Thromb Haemost 2000; 84(06): 1039-1044
DOI: 10.1055/s-0037-1614168
Review Article
Schattauer GmbH

Modulation of the Binding of Matrix Gla Protein (MGP) to Bone Morphogenetic Protein-2 (BMP-2)

Reidar Wallin
1   From the Department of Internal Medicine Sections on Rheumatology, Winston-Salem, NC
,
Dean Cain
1   From the Department of Internal Medicine Sections on Rheumatology, Winston-Salem, NC
,
Susan M. Hutson
2   Department of Biochemistry, Wake Forest University School of Medicine, Winston-Salem, NC
,
David C. Sane
3   Cardiology, Winston-Salem, NC
,
Richard Loeser
4   Section on Rheumatology, Rush-Presbyterian, St. Luke’s Medical Center, Chicago, IL, USA
› Institutsangaben
This work was supported by a grant from the National Institutes of Health (HL 60082) and partially by a grant from the Sticht Center on Aging at Wake Forest University School of Medicine. We are specifically grateful to D R. Hiskey for providing us with the Gla-peptide and to the Genetics Institute for making human recombinant BMP-2 available to us.
Weitere Informationen

Publikationsverlauf

Received 10. Mai 2000

Accepted after revision 14. Juli 2000

Publikationsdatum:
13. Dezember 2017 (online)

Summary

Matrix Gla protein (MGP) is an inhibitor of calcification of the arterial wall but the mechanism of inhibition has not been resolved. Since chondrogenesis has been identified in calcified arteries from MPG null mice, we hypothesized that locally produced MGP might inhibit calcification by neutralizing the known effect of bone morphogenetic proteins (BMPs) as promotors of chondrogenesis and bone formation.
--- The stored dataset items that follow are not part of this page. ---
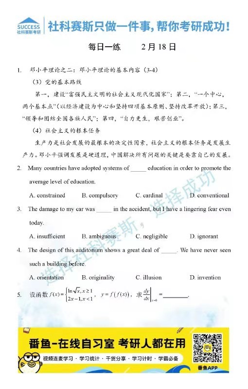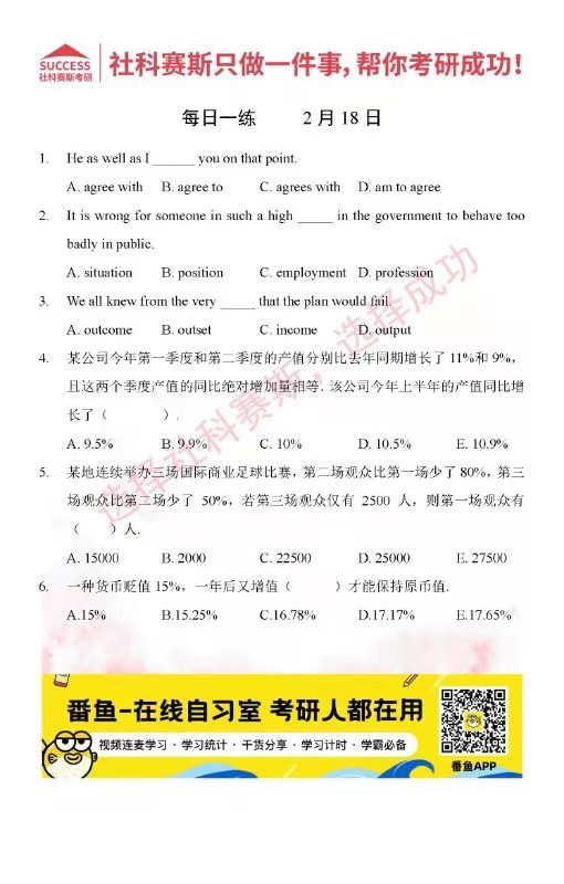 導(dǎo)讀:考研是一場(chǎng)持久戰(zhàn),保持良好的學(xué)習(xí)習(xí)慣,是能確保復(fù)習(xí)高效的關(guān)鍵。今天社科賽斯MBA備考網(wǎng)小編整理了“2022管理類聯(lián)2月18日每日一練及答案”的內(nèi)容,希望能對(duì)廣大考生有所幫助。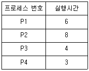 다음과 같은 프로세스가 차례로 큐에 도착하였을 때, SJF(Shortest Job First) 정책을 사용할 경우 가장 먼저 처리되는 작업은?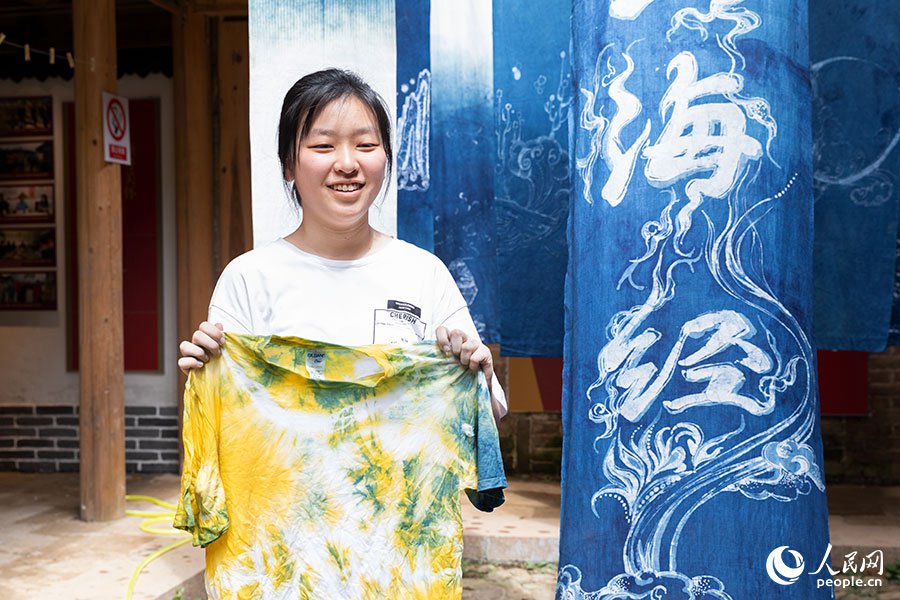 Photo shows a tourist showing off her T-shirt dyed in iridescent colors extracted from crop waste. (People’s Daily Online/Jiao Yan) |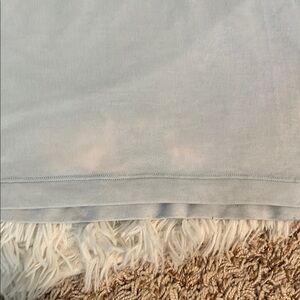 Not sure of exact color. Some bleach stains on the bottom, but when I wore it, I just tucked the bottom up to make it a little cropped.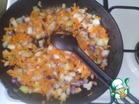 В это время чистим морковь и лук. Морковь натираем на тёрке, лук режем и отправляем на сковороду пассироваться на несколько минут. |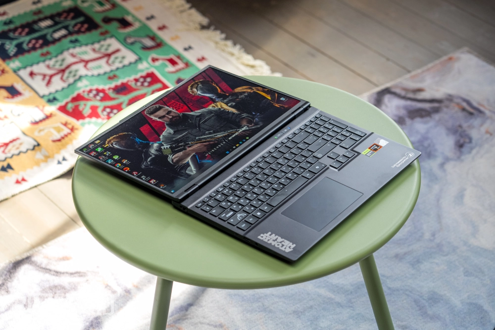 В лучших традициях игровых ноутбуков в относительно компактном корпусе уместился дисплей на 16 дюймов. Рамки тонкими не назвать, всё в адекватных пределах, ведь это не имиджевый ноутбук. «Подбородок» чуть более выражен, что оправдано с точки зрения отведения тепла. Соотношение сторон комфортное для работы и игр — 16:10.

As the first step to test this hypothesis, we demonstrate that MGP is a binding protein for 125I-BMP-2. Optimal binding is dependent on metals which suggests that the metal binding Gla region in MGP is involved. MGP is shown to undergo a Ca++ induced conformational change despite the presence of the γ-carboxylase binding site being part of the mature protein sequence. The data propose that MGP matures earlier in the secretory pathway than other vitamin K-dependent proteins. Antibodies were used in an attempt to identify MGP in bovine serum. Conformational specific MGP antibodies were shown to also recognize the Gla region in prothrombin and factor X but did not identify MGP in serum. This finding is supported by electrophoresis data which demonstrate the absence of MGP among Ba-citrate absorbed vitamin K-dependent serum proteins. We conclude that MGP does not exist in normal bovine serum.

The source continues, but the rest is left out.